II.Итак, автору этих строк в момент их написания – 66 лет, и занимается он следующим. Ипостась первая: энтомолог, то есть человек, изучающий насекомых; увлёкся ими с раннего детства, знает их весьма обширно (а они, насекомые, самый большой класс живых существ на планете, по числу видов много превосходят всех остальных животных и растений, вместе взятых; на планете их, как считают сейчас мои коллеги-энтомологи, порядка шести миллионов видов; они старше нас, млекопитающих, на 200 миллионов лет). Из первой ипостаси естественно вытекла вторая – сельскохозяйственный эколог, или, кратко, агроэколог; агроэкология – наука, призванная изучать воздействие всего живого и неживого на сельхозкультуры, и наоборот: как сельское хозяйство влияет на Природу; именно оно, сельское хозяйство с его обширными площадями своих угодий, более всех других видов нашествия человечьего племени на Землю меняет лик планеты, мягко говоря, не в лучшую сторону, но об этом – после.

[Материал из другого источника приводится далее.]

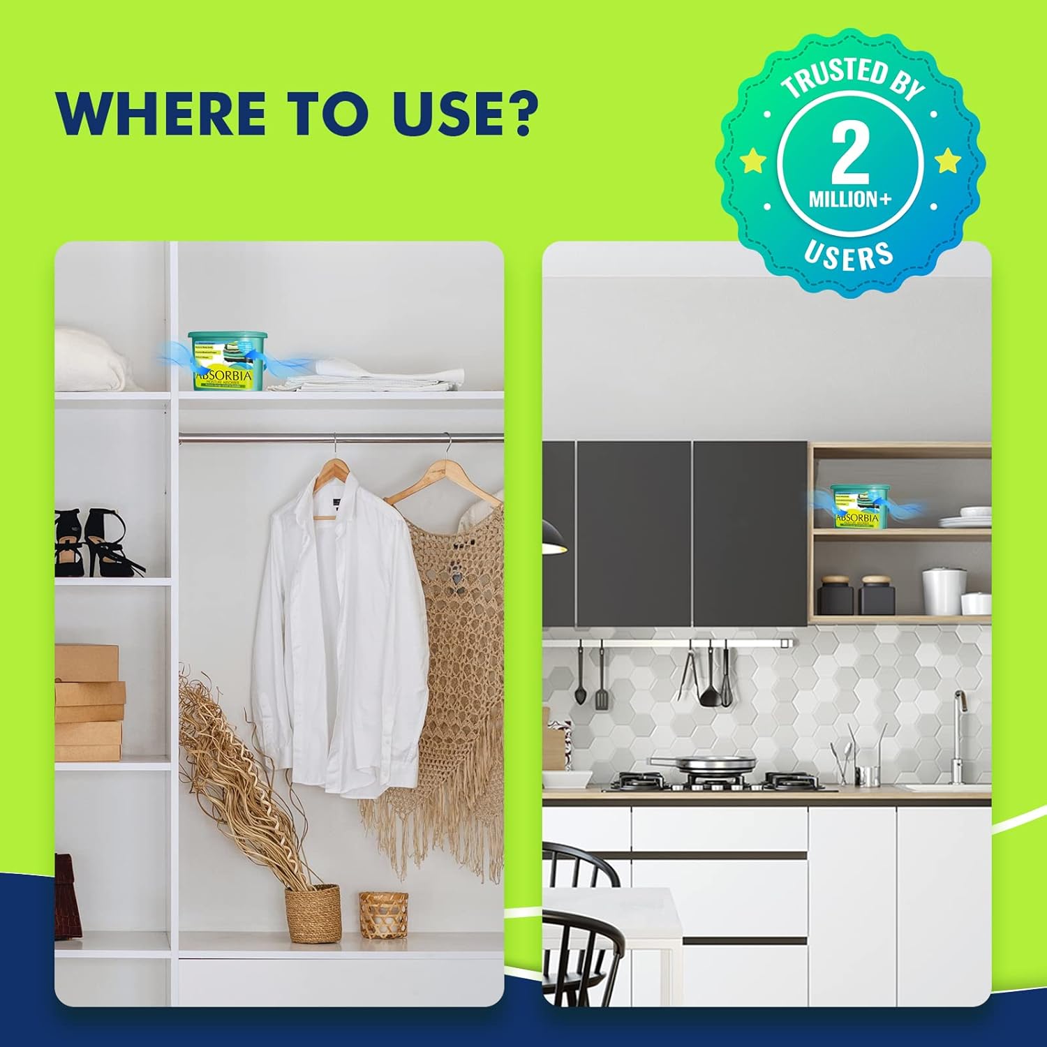 CAN BE USED ANYWHERE – Absorbia moisture absorber is suitable to keep in rooms, kitchen, shoe cabinets, and other storage spaces that need to be kept fresh and odour free. Moreover, this dehumidifier is spill proof and easy to place.

III.К агроэкологической моей весьма обширной ипостаси прилежит третья: создание заповедничков и заказников для сохранения уцелевших ещё местами малых существ, в чём я, с превеликим трудом, но преуспел, и мои первые в стране биорезерваты такого рода всё ещё существуют (а моя мечта, чтобы они продолжали жить вечно) – в Омской, Воронежской и некоторых других областях; некоторые из них не просто существуют, а процветают, в чем ты, мой дорогой внук Андрей, к коему, в основном, обращены эти мои письма, имел убедиться спустя четверть века после организации первого такого моего детища, и теперь рвёшься туда всею душой – до того чудесна и пышна спасенная мною на малых клочках земли первозданная Природа; многие мои детища такого рода, как например, в Новосибирской области, злостно уничтожены ничтожнейшими людишками власть предержащими, зато очень даже большую хозяйственную пользу гребенниковские эти заказнички давали в совсем неожиданных для меня краях, но об этом – как-нибудь после; а пока я имею полное право называться самым опытным в стране человеком по устройству биорезерватов такого рода, о чём имею похвальную бумагу от Академии наук СССР.

IV.Четвёртая ипостась моя такова: спец по разведению и полевому использованию «диких» насекомых-опылителей, а именно шмелей и пчёл-листорезов (не путать с домашними медоносными пчёлами, это совсем другие существа) – с многолетним опытом и весьма большими успехами; моя технология, «обкатанная» на стогектарных полях, могла бы сделать рачительного сельского хозяина миллиардером, но рачительность, требующая немалого вложения и собственного труда, особенно в начале, не свойственная нынешнему поколению, более склонного не к труду и не к рачительности, а к рвачеству и лёгкой жизни за чужой счёт, так что мне пришлось бросить это выгоднейшее и интереснейшее искусство (сознательно называю его не производством или ремеслом, а искусством, ибо иметь дело приходится и с крохотными живыми тварюшками, и со всей остальной Природой в целом при воздействии тех начал, кои называют Интуицией и Вдохновением).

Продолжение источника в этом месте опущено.